In rural Iowa, access to health care isn’t a political talking point — it’s a lifeline. When a hospital cuts services or a clinic closes, it doesn’t just inconvenience families. It can mean longer drives in emergencies, delayed care, and real consequences for our communities.

That’s why Congress must protect the federal 340B drug pricing program which is one of the few tools that helps rural providers stretch limited resources without costing taxpayers a dime.

The 340B program was created with a simple, bipartisan idea: in exchange for access to lucrative Medicare and Medicaid markets, pharmaceutical manufacturers agree to provide discounted medications to hospitals and clinics that serve a high number of low-income and rural patients. Those savings allow providers to reinvest in patient care, expanding services, keeping clinics open, and reaching more people who might otherwise fall through the cracks.

Here in lowa, those savings make a real difference. Rural hospitals operate on razor-thin margins. Many are already struggling with workforce shortages, rising costs, and declining reimbursement rates. The 340B program helps bridge that gap by giving Providers flexibility to meet the needs of their communities, whether that’s offering behavioral health services, keeping a local pharmacy running, or simply keeping the doors open.

Importantly, 340B is not a government spending program. It does not rely on taxpayer funding. Instead, it’s a market based arrangement that has worked for more than three decades delivering value for patients, providers, and the health care system as a whole.
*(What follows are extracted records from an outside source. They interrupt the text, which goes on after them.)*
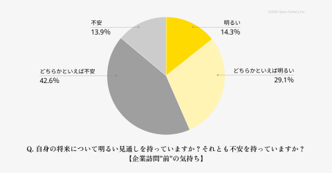 企業訪問を通じて、中高生の将来への意識にも変化が見られた。企業訪問前は「将来に明るい見通しを持っている」の回答は43.4%にとどまり、56.5%が「不安」を抱えていた。しかし、企業訪問後には「明るい見通しを持っている」との回答が86.1%に増加した。働く現場を体感したことで、将来に対する見通しが前向きになったことがわかる。
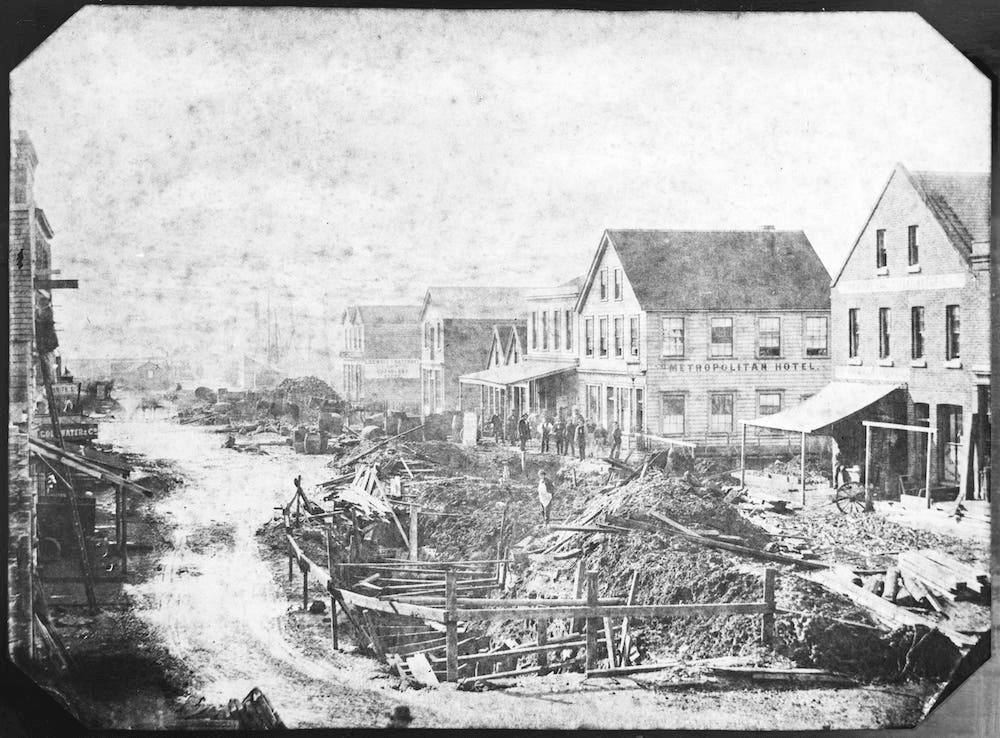 Normally, Queen Street is the centre of New Zealand’s commercial capital, but it looked more like a river while Auckland was pelted by record rainfall. That’s because the Queen Street valley used to be a natural water outlet into the Waitematā Harbour, with the Waihorotiu awa historically running down much of its course. From its source in what is now Myers Park, the Waihorotiu awa carved out the valley that Queen Street now inhabits, draining into the sea at the old foreshore on modern Fort Street. Kāinga were dotted around the banks of the awa, with their inhabitants sustained by its abundant fresh water supply and thriving fish stock.
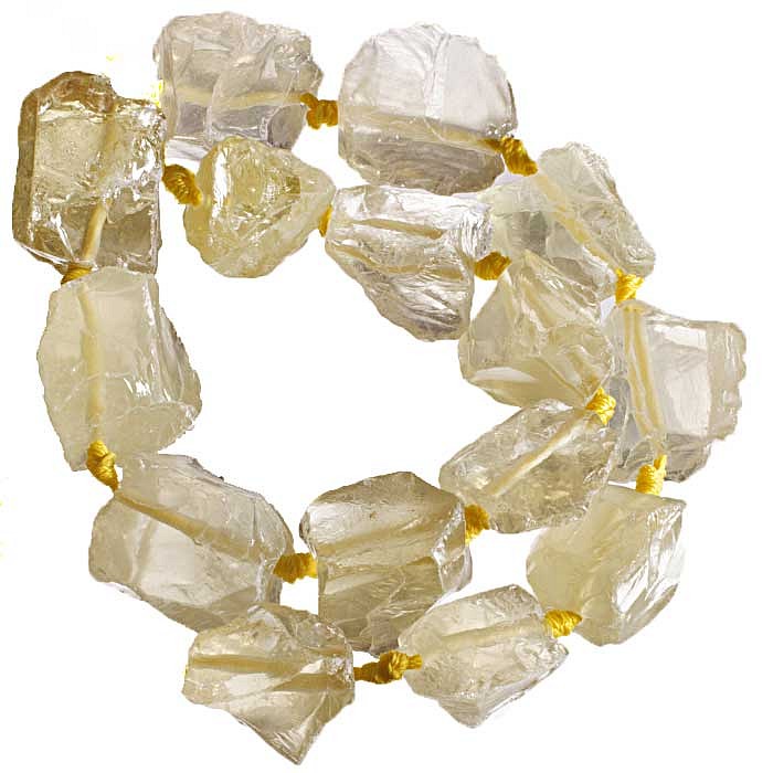 Vrtané kamínky surového citrínu na šňůře.

But today, that balance is being threatened.

Large pharmaceutical companies are increasingly attempting to rewrite the rules of the program. Through new rebate schemes and restrictions on contract pharmacies, they are effectively shrinking the reach of 340B and limiting how providers can use these critical savings. In doing so, they are bypassing the federal agency, the Health Resources and Services Administration (HRSA), that Congress designated to oversee the program.

The result is fewer resources for patient care, especially in rural areas like ours.

If these efforts succeed, the consequences will be felt quickly. Services will be cut. Clinics will close. And struggling hospitals will be pushed closer to the brink. At that point, the burden doesn’t disappear, it shifts to taxpayers, who may ultimately be asked to step in to stabilize a failing system.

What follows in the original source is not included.